# Next Isb Meetup Poll



## pimpsqueak (25/5/12)

I don't make many of these polls, so I hope it is set up ok.
I've enabled multichoice but if you could keep it to 1 or 2 choices I think it would be best.


----------



## srcossens (25/5/12)

I voted, but I'm not really fussed on a date. I actually can't vote for a day in the same month.


----------



## barls (1/6/12)

got a few things coming up so hopefully i can make it.


----------



## black_labb (1/6/12)

where does one join this group?


----------



## barls (1/6/12)

you have pm


----------



## Josh (2/6/12)

Not being a real member of ISB, I won't vote. But if the dates suit, I might tag along.


----------



## barls (2/6/12)

josh your as much of a member as the rest of us. youve been to a couple of meeting now.

ps hows the wife travelling?


----------



## Josh (2/6/12)

barls said:


> josh your as much of a member as the rest of us. youve been to a couple of meeting now.
> 
> ps hows the wife travelling?



More than a couple. But I'll leave the organising to you guys. Will turn up if it's possible.

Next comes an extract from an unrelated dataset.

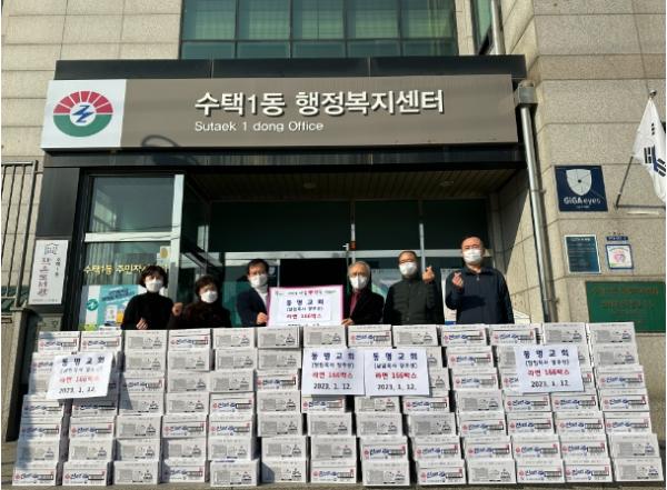 홍호섭 수택1동장은 “항상 지역의 어려운 이웃분들에게 관심을 가져 주시는 동명교회에 감사의 말씀을 전하며 앞으로도 소외 받는 주변에 이웃분들에게 지속적인 관심을 부탁드린다.”고 전했다.

She's doing well. 20wk ultrasound was all clear. It's another boy! </hijack>


----------



## barls (2/6/12)

good work. 20wk all clear at this end as well. i know but not telling.
you can find out in oct.
still more of a member than fatz.


----------



## Barry (3/6/12)

You can meet up on 14th July at the ESB Comp. Just a thought, free beer and lunch.


----------